The play takes place partly in Budapest, Hungary, and partly in a waiting area just outside Heaven. The story concerns Liliom, a tough, cocky carousel barker who falls in love with Julie, a young woman who works as a maid. When both lose their jobs, Liliom begins mistreating Julie out of bitterness—even slapping her once—although he loves her. When she discovers she is pregnant, he is deliriously happy, but, unbeknownst to Julie, he agrees to participate with his friend Ficsur, a criminal, in a holdup to obtain money to provide for the child. Liliom is unwilling to leave Julie and return to his jealous former employer, the carousel owner Mrs. Muskat, and feels the robbery is his only way to obtain financial security. The holdup is a disaster, but Ficsur escapes, and Liliom kills himself to avoid capture.

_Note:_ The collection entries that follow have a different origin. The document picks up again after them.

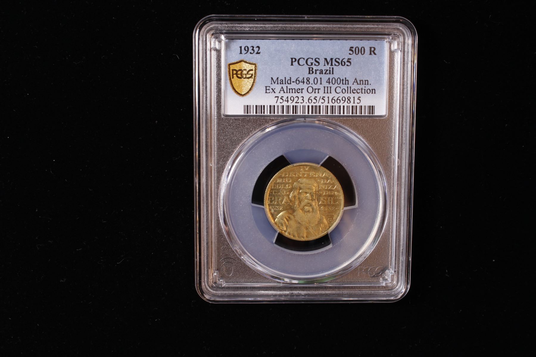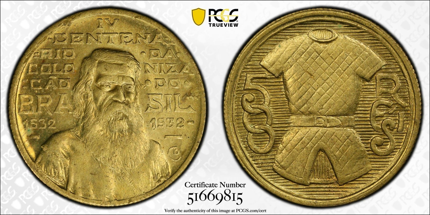 BRAZIL: Republic, 500 reis, 1932, KM-530, Y-42, 400th Anniversary of Colonization - João Ramalho, PCGS graded MS65, ex Almer H. Orr III Collection.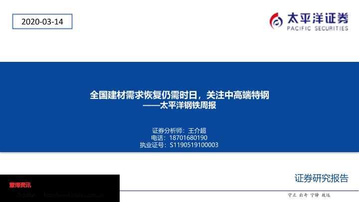 【太平洋证券】【20200314】全国建材需求恢复仍需时日,关注中高端特钢-43页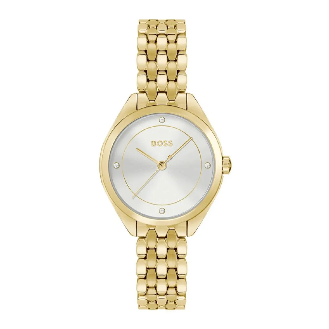 Découvrez la magnifique montre femme signée Boss. Un véritable bijou qui vous permettra d’affirmer votre style grâce à son boîtier doré. Avec un diamètre de boîtier de 25 mm, elle donne une touche d’élégance à votre poignet. Le bracelet d’une largeur de 12 mm parachève le design et apporte la finition parfaite à cette audacieuse création. Un choix judicieux qui témoigne d’une esthétique unique.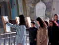 Orthodox believers touch the icons in the premises of the cathedral Resurrection of Christ in Tirana on the occasion of Christmas 2022.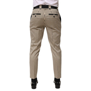 Dolce & Gabbana Beige Black Striped Cotton Slim Fit Trousers Pants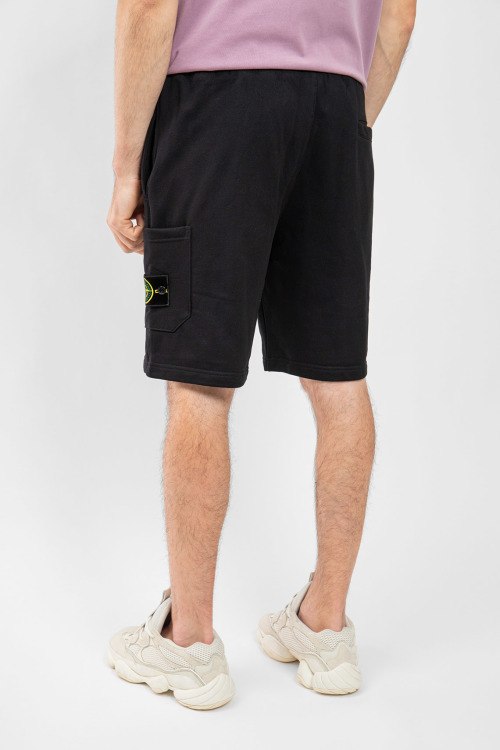 Детали: Мужские черные хлопковые шорты от Stone Island (Стоун Айленд). Эластичный пояс на завязках, боковые карманы, накладной карман с логотипом, длина до колен
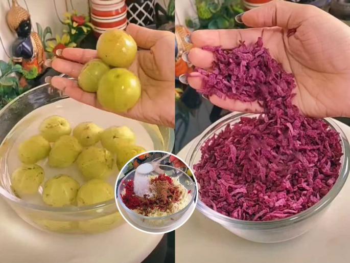 आवळ्याचा मुखवास हा केवळ तोंडाची दुर्गंधी दूर करणारा नसून आरोग्याच्या दृष्टीनेही अत्यंत गुणकारी आहे. जेवणानंतर थोडासा आवळ्याचा मुखवास खाल्ल्याने पचनसंस्था, तोंडाचे आरोग्य आणि एकंदर शरीरावर चांगला परिणाम होतो. पारंपरिक पद्धतीने तयार केलेला आवळ्याचा मुखवास औषधी गुणांनी भरलेला असतो.(Make a great mukhwas at home - it not only removes bad breath but also provides many health benefits) आवळ्यामध्ये जीवनसत्त्व सी भरपूर प्रमाणात असते, जे शरीराची प्रतिकारशक्ती वाढवण्यास मदत करते. मुखवासाच्या स्वरुपात आवळा घेतल्याने हे पोषण सहजपणे शरीराला मिळते. जेवणानंतर पचनक्रिया मंदावते, अशावेळी आवळ्याचा मुखवास पचन रसांची निर्मिती वाढवतो आणि अन्न नीट पचण्यास मदत करतो. त्यामुळे जडपणा, पोटफुगी आणि अपचनाचा त्रास कमी होतो. तसेच त्यात बीट असेल तर त्याचा फायदा जास्त होतो. पाहा हा गुलाबीसर मुखवास करण्याची रेसिपी.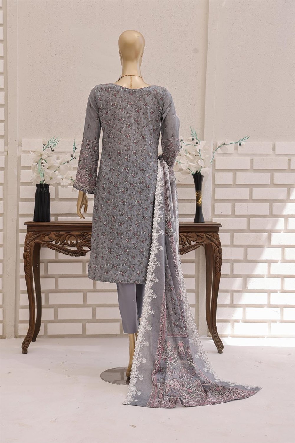 Pearl White Vol-2 Unstitched Digital Printed Lawn With Embroidered Front & 2 Side Scalloped Printed Voil Duppata PEA-014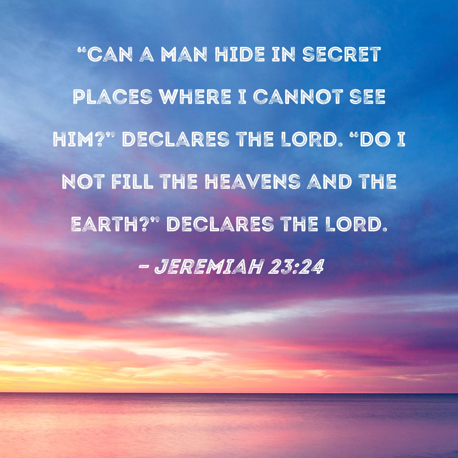 Jeremiah 23:24 "Can a man hide in secret places where I cannot see him?" declares the LORD. "Do I not fill the heavens and the earth?" declares the LORD.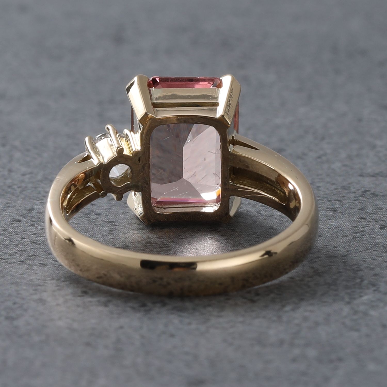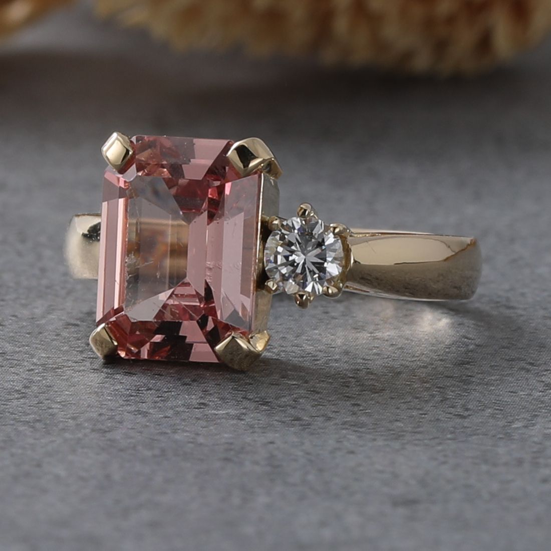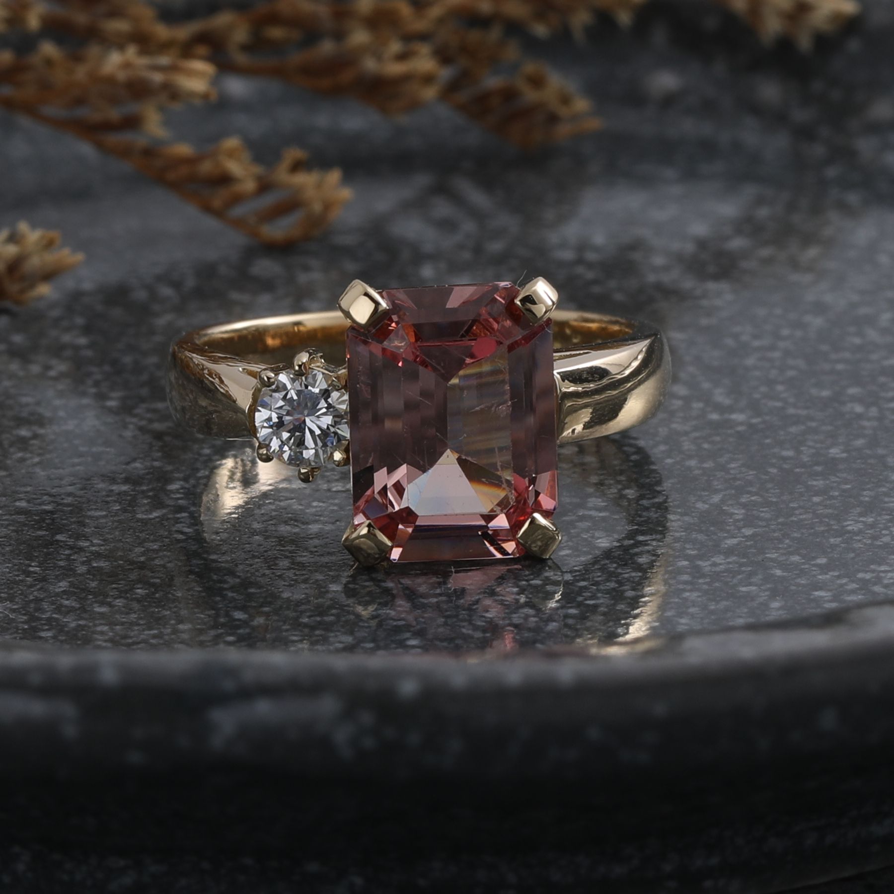 スピネルの持つ甘く柔らかなピンクの彩りに、エメラルドカットならではの直線的なフォルムが寄り添い、可愛らしさに凛とした印象を添えています。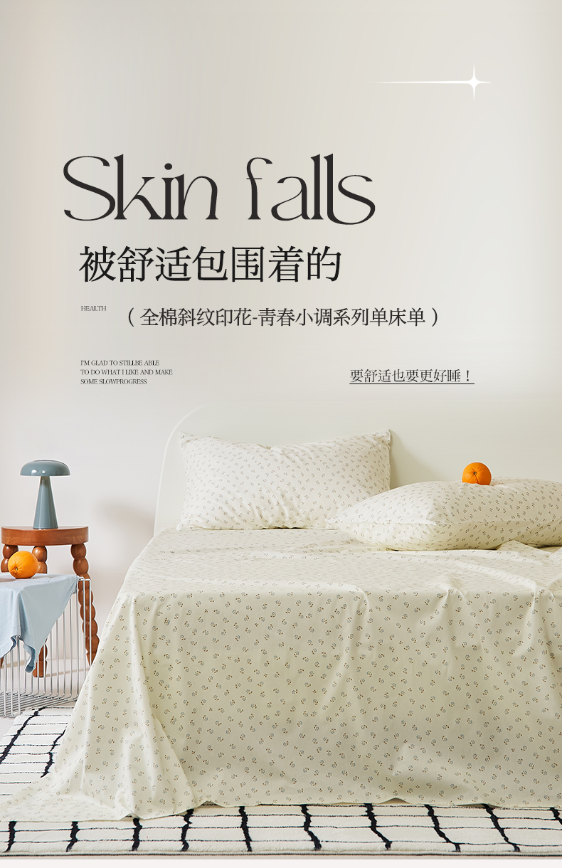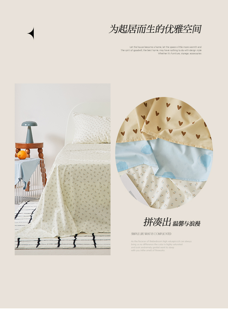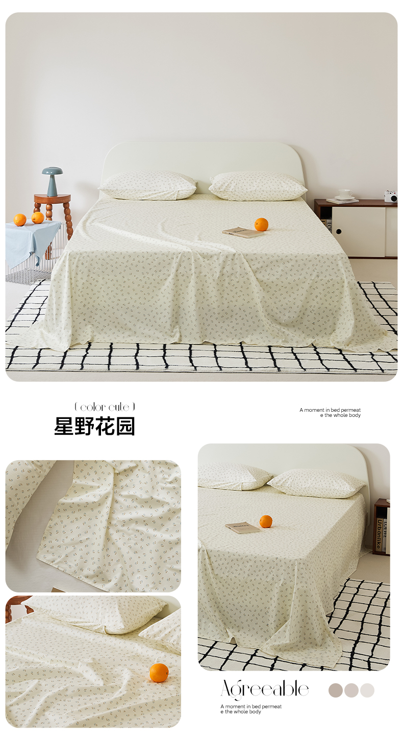 商品名称:EH家居 2025新款全棉斜纹印花-青春小调系列单床单 星野花园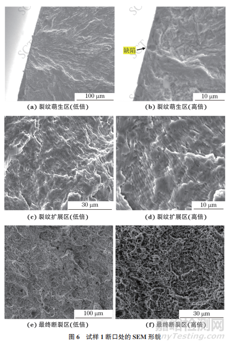 3個試樣的斷裂形式一致,其中試樣1斷口處的SEM形貌如圖6所示。由圖6可知:裂紋從試樣表面開始萌生,裂紋萌生位置為幾何缺陷或者材料本身含有的非金屬夾雜處,裂紋萌生區(qū)比較光滑,且裂紋呈輻射狀擴展;裂紋不斷擴展進入較為粗糙的條狀物區(qū)域,試樣最終在快速剪切過程中迅速斷裂;最終斷裂區(qū)損傷面非常粗糙,且有很多微裂紋、酒窩狀以及蜂窩狀組織出現(xiàn),甚至還出現(xiàn)了明顯的組織剝落現(xiàn)象。由于碳元素含量增加,材料的脆性增大,在高周疲勞范圍內(nèi),材料具有更好的疲勞性能,疲勞強度增大。在應變疲勞范圍內(nèi),中等碳元素含量的疲勞壽命最長。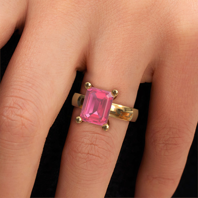 Suchen Sie einen Edelsteine Ring mit einem auffälligen,einzelnen Edelstein? Wie gefällt Ihnen dieser Clelia EME Ring? Dieser Gold Clelia EME Ring ist mit einem wunderschönen 10x8 mm smaragd schliff Pink Saphir besetzt. Der Pink Saphir wird von unseren Pink Saphir-Lieferanten sorgfältig ausgewählt. Anschließend werden diese Edelsteine nach alter Tradition von unserem Goldschiede gesetzt. Der Ring wird dann zur Perfektion poliert und zu einem einzigartigen Ring mit einem atemberaubenden Pink Saphir. Speziell für Sie angefertigt.

He is sent to a fiery place, presumably Purgatory. Sixteen years later, he is allowed to return to Earth for one day to do a good deed for his now teenage daughter, Louise, whom he has never met. If he succeeds, he will be allowed to enter Heaven. He fails in the attempt, and is presumably sent to Hell. The ending, though, focuses on Julie, who remembers Liliom fondly.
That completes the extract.